Current Job Title:
Describe your current job:
My position at Kellogg’s started with accepting an internship offer at the end of my sophomore year. The internship gave me an opportunity to explore even more technical areas of the information technology space like AI and cloud computing. At its conclusion, I was offered a part-time position during the next two years of my studies. I graduate in April 2019, and have accepted a full time offer working there upon finishing my studies. Over the last two years I have worked on multiple special projects with three different teams, directed a pilot group to test new technology, and upgraded network/VOIP hardware and software in plants and sales offices all around America.
What is the most rewarding and the most challenging part of your job?
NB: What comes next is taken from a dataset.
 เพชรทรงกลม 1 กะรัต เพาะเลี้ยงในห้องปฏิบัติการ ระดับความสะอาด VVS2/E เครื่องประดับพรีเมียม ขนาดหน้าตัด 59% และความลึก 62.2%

In IT, you can never stop learning. There is such a fast rate of innovation with technical service offered that you cannot simply 'get comfortable' with a single piece of technology and expect a world-class level of service. You have to always be looking for the 'next big thing', the 'next big innovation', and that means even looking in unconventional areas from time to time. This aspect of my career is definitely both challenging and rewarding, but my biggest reward comes from my direct work with employees in other disciplines at Kellogg’s. Part of working IT at a large, non-IT based company is that you must be able to make anyone comfortable with the technology you provide, and those interactions/workshops are my favorite part of the job.
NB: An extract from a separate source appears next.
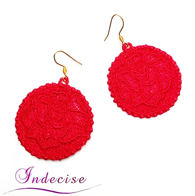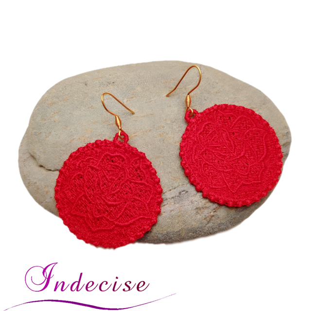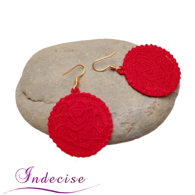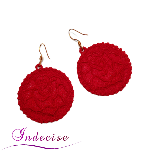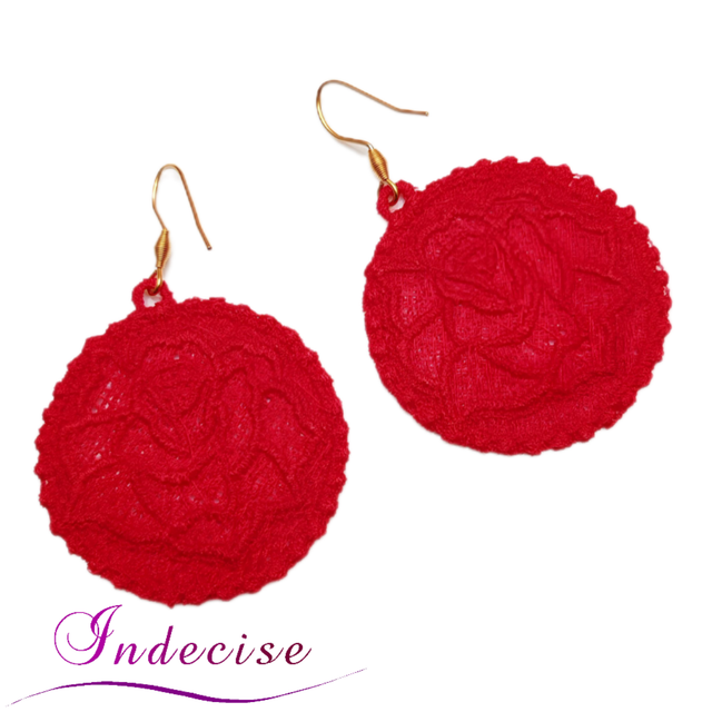 Boucles d'oreilles rouge, broderie en machine forme de rose - Création Indecise

If you had a campus job or internship, how did they impact your career development?
I worked at the Zhang Career Center starting the summer after my freshman year. I was a great introduction to learning the soft skills needed to succeed in any form of business. My boss, Bob Stewart was of paramount importance to my success, often acting as a mentor through my professional and personal questions over the years.
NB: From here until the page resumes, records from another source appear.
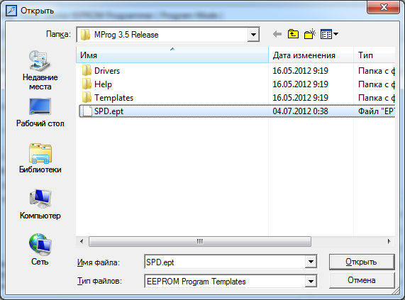 Для устранения этой проблемы следует выбрать пункт "Open" меню "File" и в появившемся диалоговом окне указать следующий файл SPD.ept и нажать кнопку "Открыть":
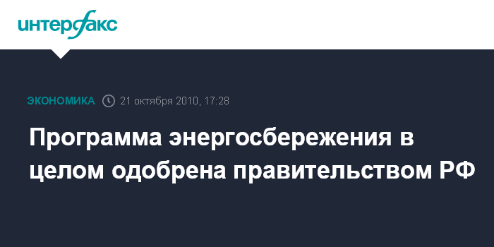 Программа энергосбережения в целом одобрена правительством РФ
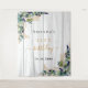 For a 21st (or any age) birthday party. Rustic white wood as background. Decorated with green watercolored eucalyptus leaves, sprigs, greenery and a faux gold leaves. Personalise and add a name, age 21 and a date. Black and golden letters. Can be used as a welcome banner, as party wall decoration or as a photo booth backdrop.

What advice do you have for others pursuing a career similar to yours?
If you are interested in IT, the CIS majors at WMU are a great way to build a basic understanding of what you will need to succeed in the field after graduation. The BIS Department chair was one of the first people I met at Western (on a tour), and he sold me on the school after being so willing to discuss what I wanted from my education. My advice is to not be wary approaching faculty, and to use student resources (like the Zhang Career Center) to your advantage.